→ ACTIVITY: All of the records below are to be given again word for word, with the pictures removed.

== EXTRACTED MATERIAL ==

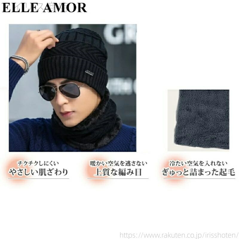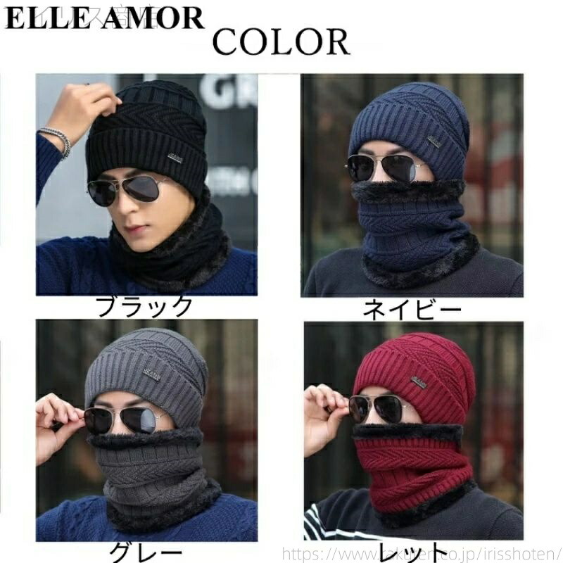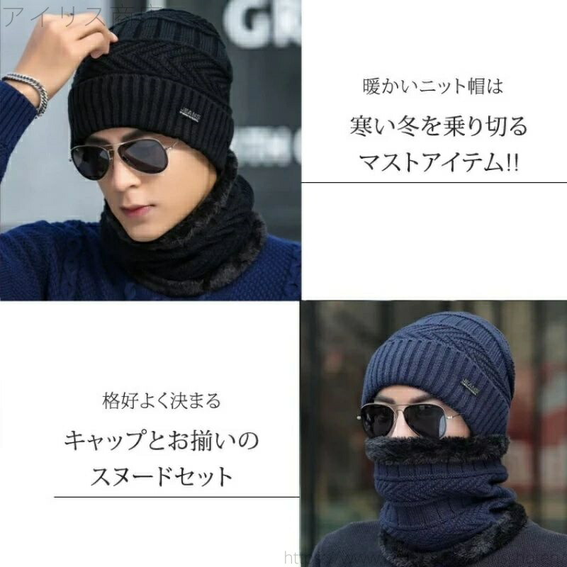 メンズ スヌード 2点セット 防寒 暖 帽子 メンズ帽子 ニット帽 人気 ブラック ネイビー グレー レッド
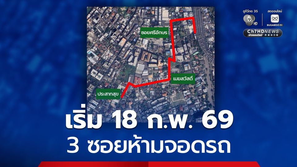 เริ่มแล้ว 18 ก.พ. 69 ราชกิจจานุเบกษาประกาศห้ามจอดรถในซอยศรีอักษร ซอยเมฆสวัสดิ์ และซอยประสาทสุข ย่านยานนาวา–สาธร กทม. เพื่ออำนวยความสะดวกด้านการจราจรและเพิ่มความปลอดภัยในพื้นที่เขตเมืองชั้นใน
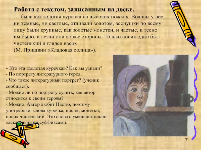 - Можно. Автор любит Настю, поэтому употребляет слова курочка, носик, монетки, носик чистенький. Это слова с уменьшительно-ласкательными суффиксами.
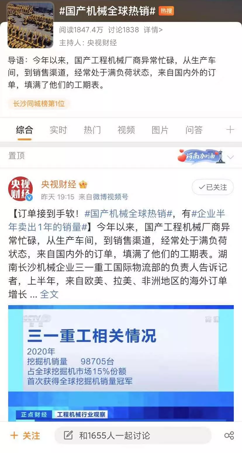报道一经播出,#国产机械全球热销#便冲上微博热搜,最高时排热搜榜第38名,累计阅读量超1800万,并在央视财经公众号头条、央视财经客户端首页引发网友高度关注。
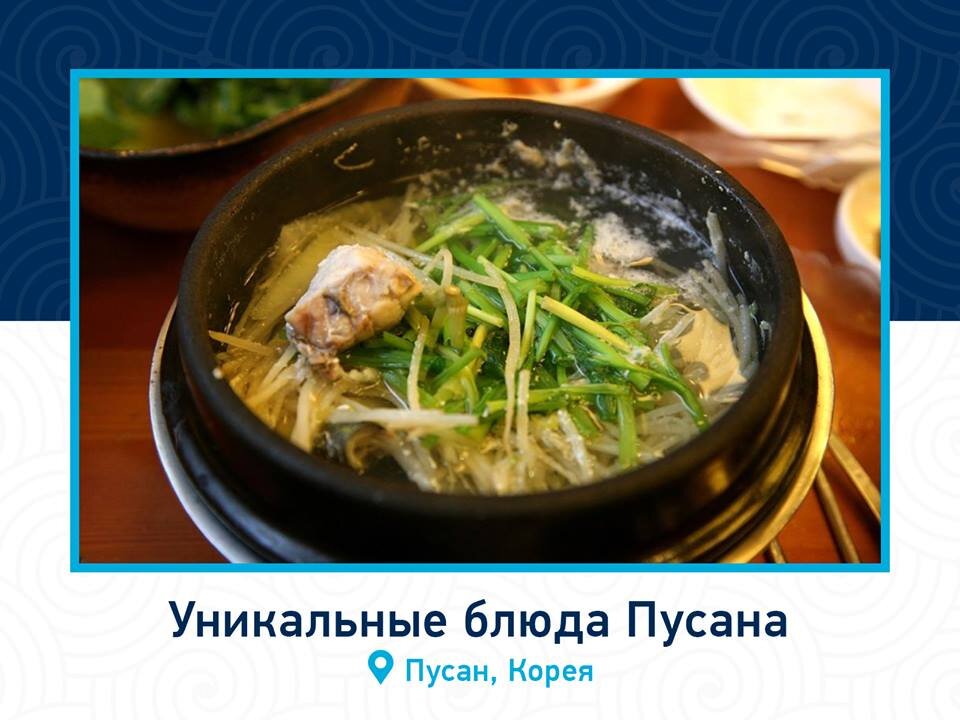 Исследуя мир, мы хотим забраться в такие уголки земли 🗺️, где есть что-то уникальное. Например, попробовать пищу, которую готовят только в одном единственном городе мира. Такая возможность будет у вас в Пусане, втором по величине городе Кореи. В Пусане есть блюда, которые недоступны в других частях Кореи: Тоннэ пхаджон - блюдо из морепродуктов с лепешкой из зеленого лука. Дешевое и популярное в Пусане блюдо. Тэгутхан– вкусный суп из трески с овощами. Рестораны, подающие это блюдо находятся на восточной стороне пляжа Хэундэ. Поккук - это суп, приготовленный из рыбы фугу, которые чрезвычайно ядовиты. В Пусане много мест, у которых есть лицензия на приготовление этой рыбы. Обычно у ресторана есть вывеска с нарисованной на ней рыбой фугу. Познавая мир, не забудьте приехать в Пусан!
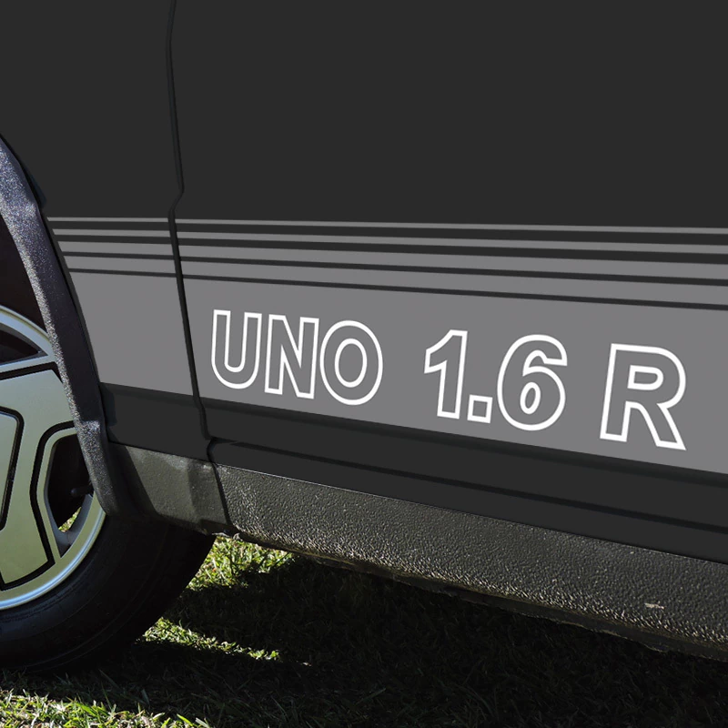 Faixa Fiat Uno 1.6 R Adesivo Lateral E Traseiro Completo - Grafite
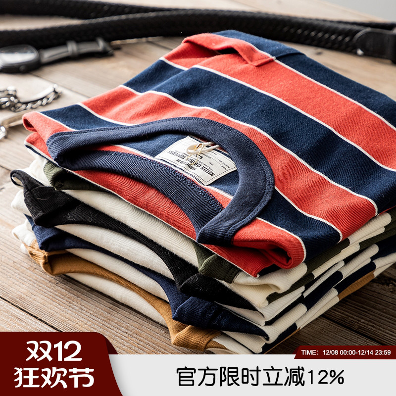 三本针280G重磅克重美式复古宽松条纹T恤 夏装男士时尚休闲短袖潮
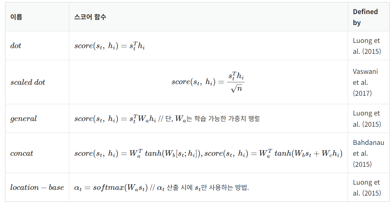 여러 종류의 Attention이 있지만, Attention Score를 구하는 방법만 다르다.
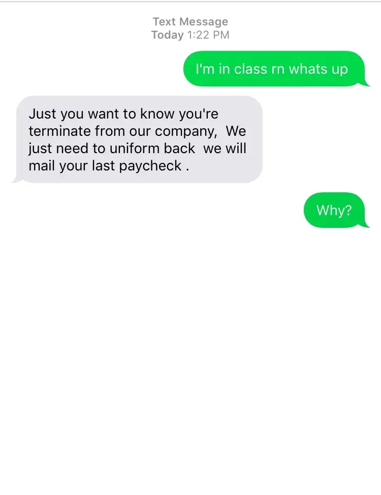 I worked at Tim Hortons for a year. I was fired without an explanation. I went back to return my uniform and get my termination papers and the district manager started yelling at me saying "get out of the property or I'll call the cops" without even reason to treat me like that. He refused to talk to me or give me my termination papers which I needed to be able to at least get unemployment until I could find another job.
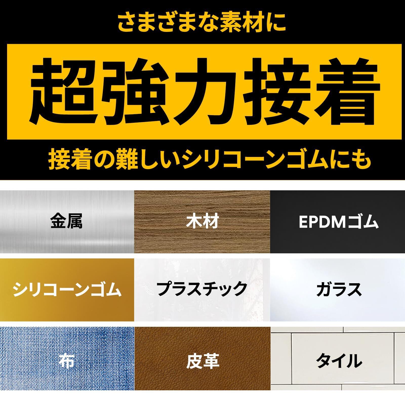 さらにもっとも接着が難しいといわれるシリコーンゴムに至るまで、様々な素材を接着したい時に、これ一本で対応できる高性能な接着剤です。
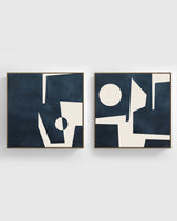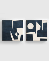 Moon in a midnight sky. Our Arata Abstract Wall Duo with its bold use of color and stark contrast feels like a true gallery find. The set of 2 large-scale, float-mounted prints on canvas are a knockout in any room with an expanse of wall space.
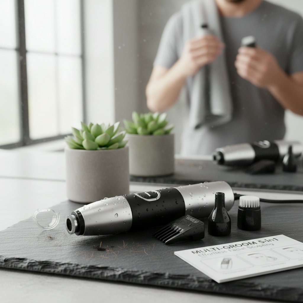 A multi-functional trimmer that combines eyebrow shaping with other grooming features for complete facial care.
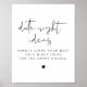 This date night bridal shower game template features an elegant calligraphy font and a modern minimalist design. Easily change the colours and edit *most* wording to meet the needs of your occasion. This sign is perfect for your contemporary, minimalist, or bohemian bridal shower or other celebration.
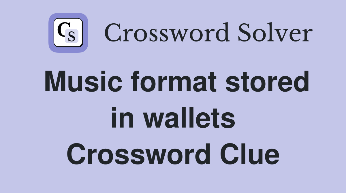 Music format stored in wallets Crossword Clue Answers Crossword Solver
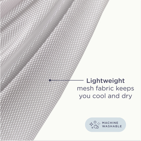 Embrace Soft Air Mesh er fremstillet af Soft Air Mesh, som er en polyester- og spandexblanding, der skaber et blødt, køligt og åndbart design. Airy Pin Dot Knit med Soft Air Mesh på skuldrene og i bagpanelet giver målrettet åndbarhed, hvor det er mest nødvendigt. Stoffet er absorberende og fjerner sveden fra både dig og din baby, og det tørrer hurtigt, så du forbliver behagelig, kølig og tør.
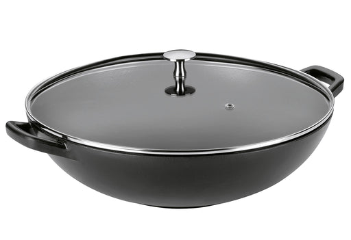 Inhalt: 1 x Wok aus Gusseisen, für alle Herdarten geeignet inkl. Induktion, Deckel aus Metall, Dünstrost aus Edelstahl, 1 x Paar Stäbchen, Holzzang...
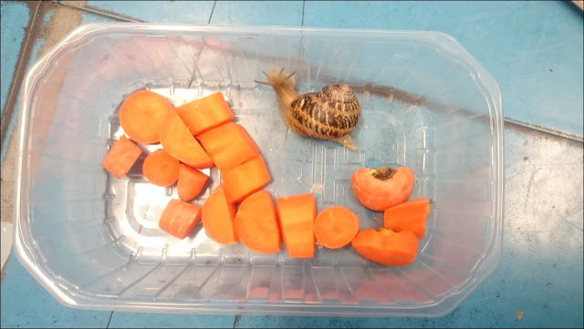 Así que decidimos hacer un experimento, cada día metimos a un caracol con un tipo diferente de comida. ¿Cambiaría su caca?
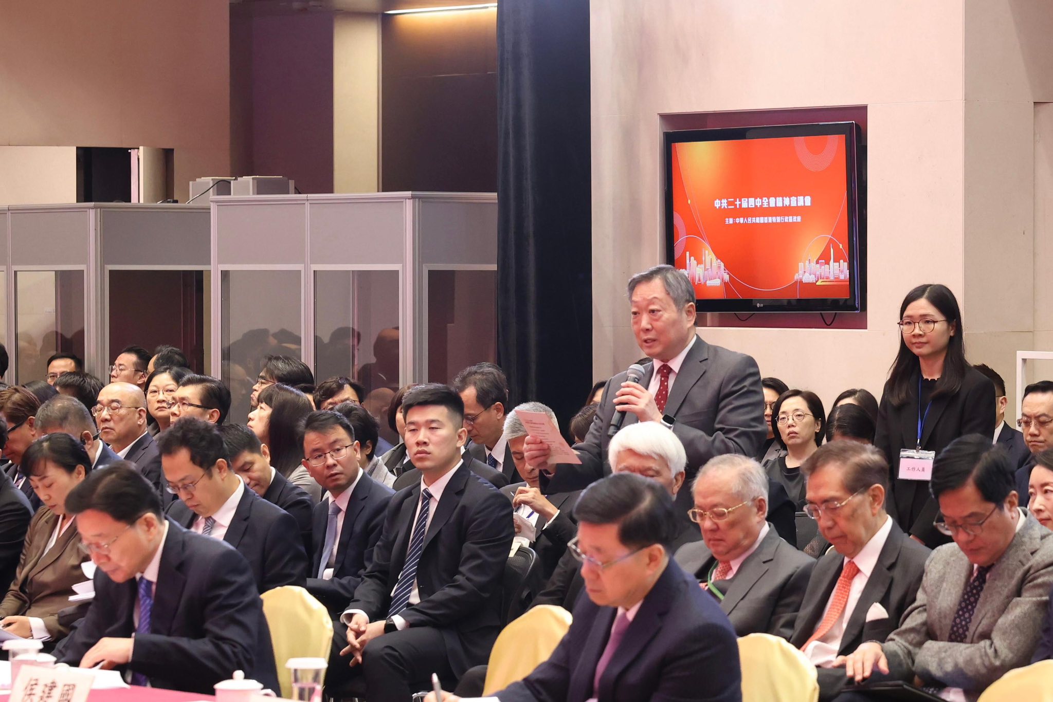李家超指出,出席今天首場宣講會的包括特區政府官員、行政會議成員、立法會議員、司法界代表,以及重要法定機構負責人共約500人。另外,獲邀出席明天次場宣講會的社會各界代表,包括港區全國人大代表、港區全國政協委員、主要政團社團代表,以及工商界、專業界、教育界、傳媒界及青年代表等。
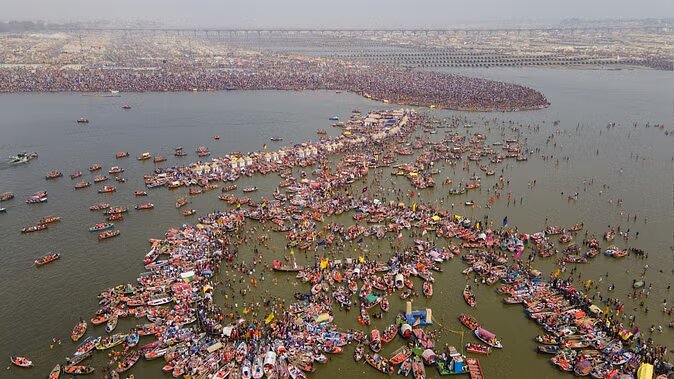 Crowd at Sangam during Maha Kumbh. – Photo: Prime Look
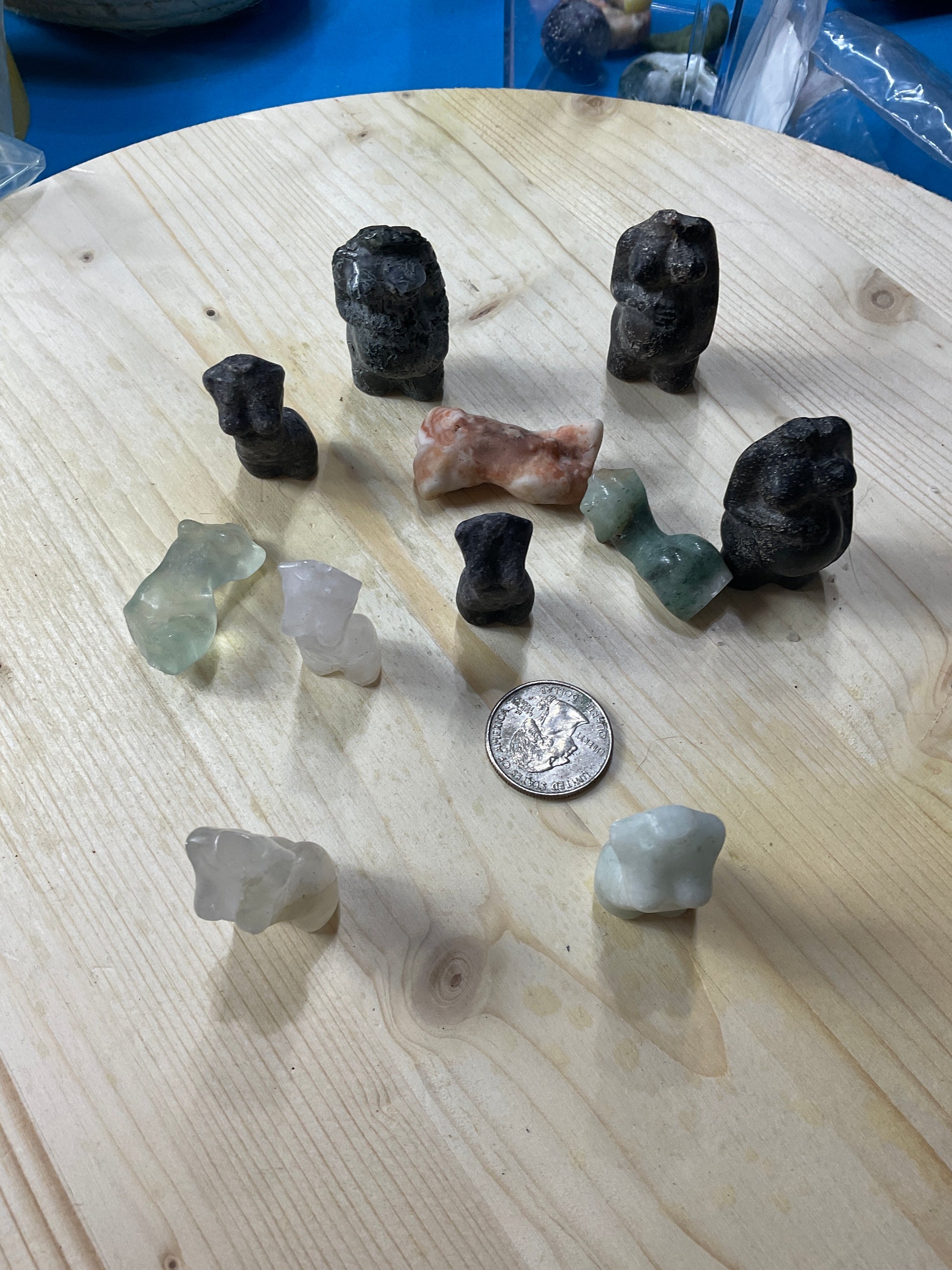Each mini lady body carving is unique in color and pattern due to natural gemstone variations, ensuring every piece is truly one of a kind.
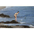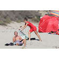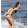 The actor's recent hookup strutted her stuff in a bikini on the beach.
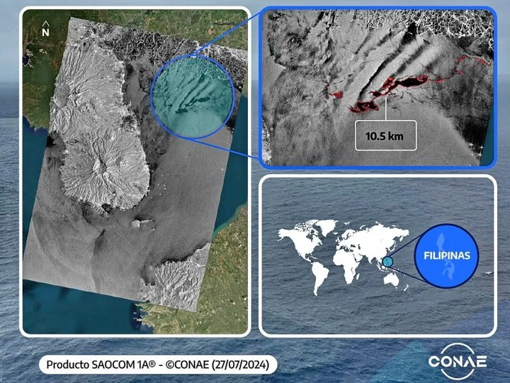 Спутник SAOCOM 1A, входящий в группировку SAOCOM 1 компании CONAE, сообщил на этой неделе о разливе нефти в Манильском заливе (Филиппины), что вызвало тревогу и позволило предотвратить его распространение.
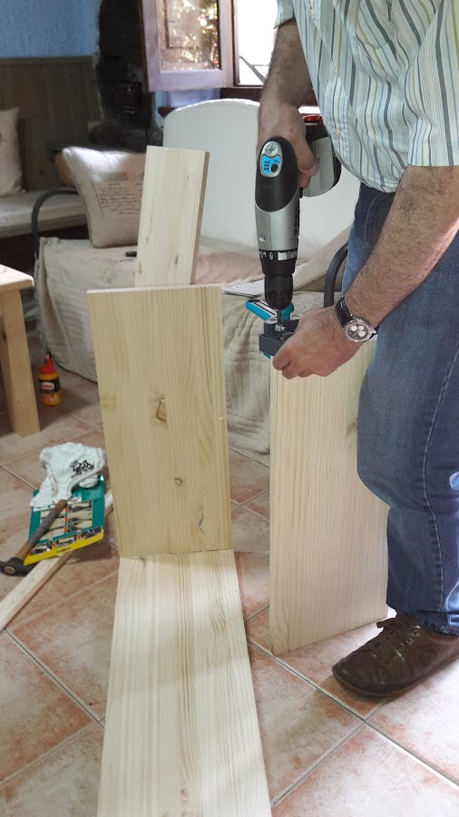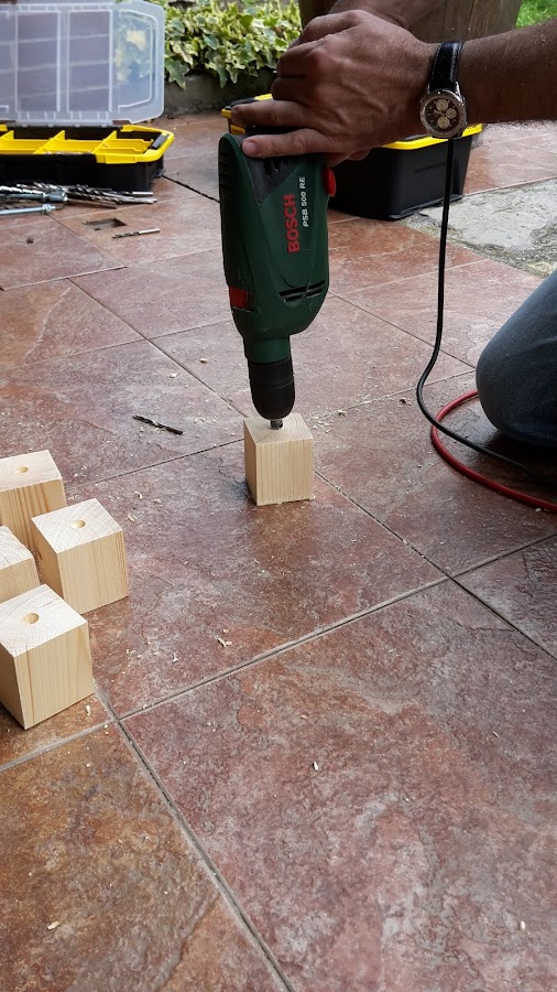 Vamos a empezar ensamblando el cuerpo principal con tubillones.Hacemos los agujeros con el taladro donde irán ubicados los tubillones
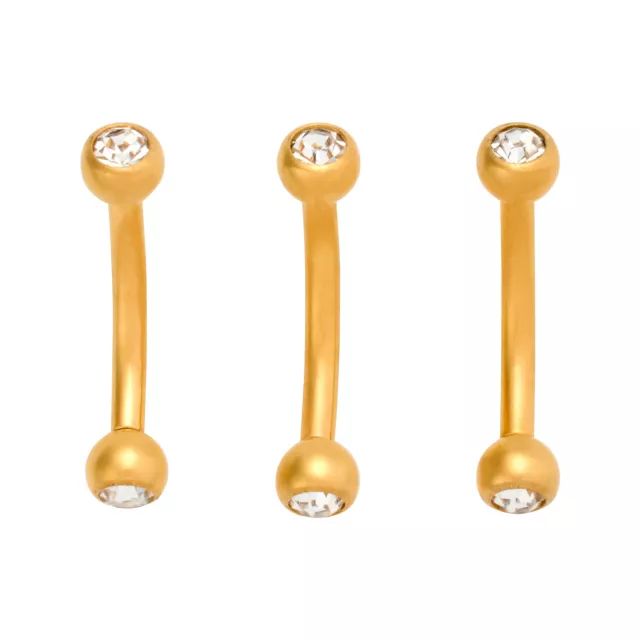 Multi-Pack ASTM F-136 Titanium Round CZ Gold-Plated Curved Barbells 3 Pack - 16 Gauge
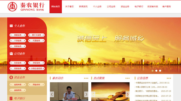 上線(xiàn)時(shí)間 :2015.08   關(guān)鍵詞:金融,嚴謹,大氣,時(shí)尚  網(wǎng)址:http://www.qinnongbank.com

===

→ ANSWER TO THE EXERCISE:
 メンズ スヌード 2点セット 防寒 暖 帽子 メンズ帽子 ニット帽 人気 ブラック ネイビー グレー レッド
 เริ่มแล้ว 18 ก.พ. 69 ราชกิจจานุเบกษาประกาศห้ามจอดรถในซอยศรีอักษร ซอยเมฆสวัสดิ์ และซอยประสาทสุข ย่านยานนาวา–สาธร กทม. เพื่ออำนวยความสะดวกด้านการจราจรและเพิ่มความปลอดภัยในพื้นที่เขตเมืองชั้นใน
 - Можно. Автор любит Настю, поэтому употребляет слова курочка, носик, монетки, носик чистенький. Это слова с уменьшительно-ласкательными суффиксами.
报道一经播出,#国产机械全球热销#便冲上微博热搜,最高时排热搜榜第38名,累计阅读量超1800万,并在央视财经公众号头条、央视财经客户端首页引发网友高度关注。
 Исследуя мир, мы хотим забраться в такие уголки земли 🗺️, где есть что-то уникальное. Например, попробовать пищу, которую готовят только в одном единственном городе мира. Такая возможность будет у вас в Пусане, втором по величине городе Кореи. В Пусане есть блюда, которые недоступны в других частях Кореи: Тоннэ пхаджон - блюдо из морепродуктов с лепешкой из зеленого лука. Дешевое и популярное в Пусане блюдо. Тэгутхан– вкусный суп из трески с овощами. Рестораны, подающие это блюдо находятся на восточной стороне пляжа Хэундэ. Поккук - это суп, приготовленный из рыбы фугу, которые чрезвычайно ядовиты. В Пусане много мест, у которых есть лицензия на приготовление этой рыбы. Обычно у ресторана есть вывеска с нарисованной на ней рыбой фугу. Познавая мир, не забудьте приехать в Пусан!
 Faixa Fiat Uno 1.6 R Adesivo Lateral E Traseiro Completo - Grafite
 三本针280G重磅克重美式复古宽松条纹T恤 夏装男士时尚休闲短袖潮
 여러 종류의 Attention이 있지만, Attention Score를 구하는 방법만 다르다.
 I worked at Tim Hortons for a year. I was fired without an explanation. I went back to return my uniform and get my termination papers and the district manager started yelling at me saying "get out of the property or I'll call the cops" without even reason to treat me like that. He refused to talk to me or give me my termination papers which I needed to be able to at least get unemployment until I could find another job.
 さらにもっとも接着が難しいといわれるシリコーンゴムに至るまで、様々な素材を接着したい時に、これ一本で対応できる高性能な接着剤です。
 Moon in a midnight sky. Our Arata Abstract Wall Duo with its bold use of color and stark contrast feels like a true gallery find. The set of 2 large-scale, float-mounted prints on canvas are a knockout in any room with an expanse of wall space.
 A multi-functional trimmer that combines eyebrow shaping with other grooming features for complete facial care.
 This date night bridal shower game template features an elegant calligraphy font and a modern minimalist design. Easily change the colours and edit *most* wording to meet the needs of your occasion. This sign is perfect for your contemporary, minimalist, or bohemian bridal shower or other celebration.
 Music format stored in wallets Crossword Clue Answers Crossword Solver
 Embrace Soft Air Mesh er fremstillet af Soft Air Mesh, som er en polyester- og spandexblanding, der skaber et blødt, køligt og åndbart design. Airy Pin Dot Knit med Soft Air Mesh på skuldrene og i bagpanelet giver målrettet åndbarhed, hvor det er mest nødvendigt. Stoffet er absorberende og fjerner sveden fra både dig og din baby, og det tørrer hurtigt, så du forbliver behagelig, kølig og tør.
 Inhalt: 1 x Wok aus Gusseisen, für alle Herdarten geeignet inkl. Induktion, Deckel aus Metall, Dünstrost aus Edelstahl, 1 x Paar Stäbchen, Holzzang...
 Así que decidimos hacer un experimento, cada día metimos a un caracol con un tipo diferente de comida. ¿Cambiaría su caca?
李家超指出,出席今天首場宣講會的包括特區政府官員、行政會議成員、立法會議員、司法界代表,以及重要法定機構負責人共約500人。另外,獲邀出席明天次場宣講會的社會各界代表,包括港區全國人大代表、港區全國政協委員、主要政團社團代表,以及工商界、專業界、教育界、傳媒界及青年代表等。
 Crowd at Sangam during Maha Kumbh. – Photo: Prime Look
Each mini lady body carving is unique in color and pattern due to natural gemstone variations, ensuring every piece is truly one of a kind.
 The actor's recent hookup strutted her stuff in a bikini on the beach.
 Спутник SAOCOM 1A, входящий в группировку SAOCOM 1 компании CONAE, сообщил на этой неделе о разливе нефти в Манильском заливе (Филиппины), что вызвало тревогу и позволило предотвратить его распространение.
 Vamos a empezar ensamblando el cuerpo principal con tubillones.Hacemos los agujeros con el taladro donde irán ubicados los tubillones
 Multi-Pack ASTM F-136 Titanium Round CZ Gold-Plated Curved Barbells 3 Pack - 16 Gauge
 上線(xiàn)時(shí)間 :2015.08   關(guān)鍵詞:金融,嚴謹,大氣,時(shí)尚  網(wǎng)址:http://www.qinnongbank.com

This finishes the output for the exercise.